There was a coalescence of multiple factors from a burst of e-commerce to stimulus packages that made it appear at the time that the trees would grow to the sky.

Indeed, I believe that the market at the time was generally in the right ballpark. However, what I believe happened is that the market got slightly ahead of itself.

And similarly today, the market has got slightly ahead of itself by being very bearish on tomorrow’s disruptive tech companies.

Consequently, if we presume that Affirm’s business model was to significantly slowdown from the mid-40s% expected for fiscal 2022 (fiscal year already finished), and that Affirm would still succeed in growing in the mid-30s% CAGR in fiscal 2023 (ends June 2023), then the business could see close to $2 billion in revenues next year.

This would put Affirm priced at somewhere around 4x to 5x sales. This doesn’t strike me as egregious. This is only one turn more expensive than SoFi’s valuation, despite SoFi’s business model being even more questionable than Affirm’s. Why?

Because Affirm doesn’t have to carry anywhere near the level of loans as SoFi. From my point of view, SoFi is a bank. Call it a neobank, or a fintech business, or whatever. SoFi is a bank.
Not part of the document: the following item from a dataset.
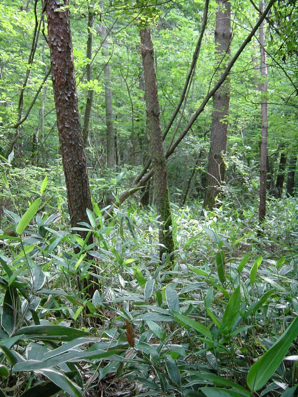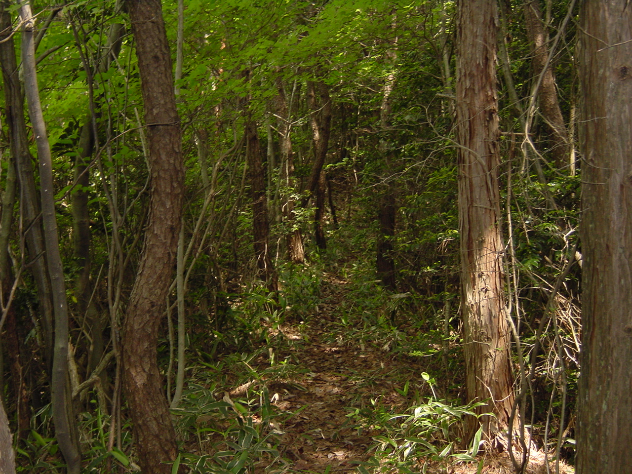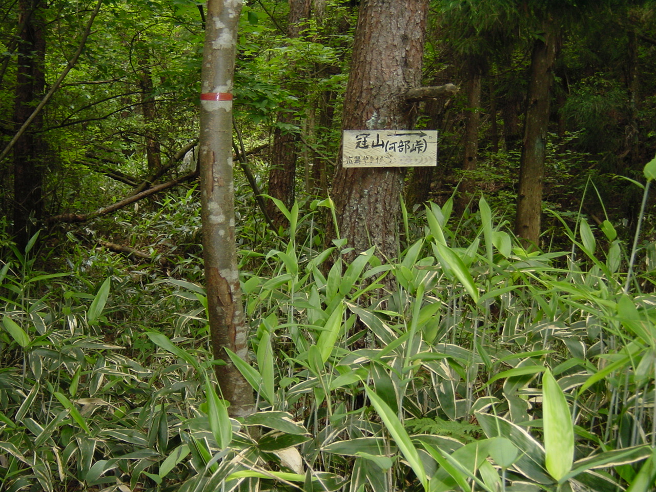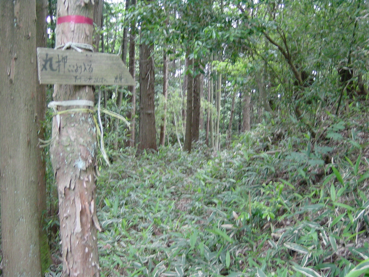ここから、「丸押」方面への下山路。クマザサが茂りわかりにくい。

On the other hand, as the economy slows down and consumers’ spending power deteriorates, I suspect that many of the problems with defaulting customers that SoFi is likely to encounter, Affirm will also see.

On yet another hand, I make the argument that Affirm only accepts the highest FICO-scoring consumers, which would be less sensitive to a slowing economy.

The Bottom Line

In hindsight, investing is really easy. A lot of lazy investors anchor themselves to narratives that are easy to grasp and outdated.

However, consider this, back in the early 2010s, cloud stocks were extremely expensive. And at the time, investors would have looked nonsensical to make a rational valuation-based bull argument about those businesses too. But they would have been right. Because I believe that the market is a lot wiser than many investors give it credit for.

The same could be said about Tesla (TSLA). Countless investors, indeed some very high profile names, have shorted Tesla because it didn’t make sense to them. And they failed to recognize a changing of the guard because it didn’t conform with their way of seeing the investment landscape.

And now to go full circle. I believe that Affirm is going to positively impress investors with its fiscal 2023 guidance, when it reports on the 25th of August, after hours.

The business is unquestionably growing fast. It has managed to sign up ecommerce behemoths such as Amazon (AMZN) and Shopify (SHOP).

And if Affirm is able to convince the market that it has found a way to stop its losses and that it can carve out a path to profitability, I believe that investors paying $8 billion for Affirm are likely to be rewarded. Hence, I now rate Affirm with a tepid buy.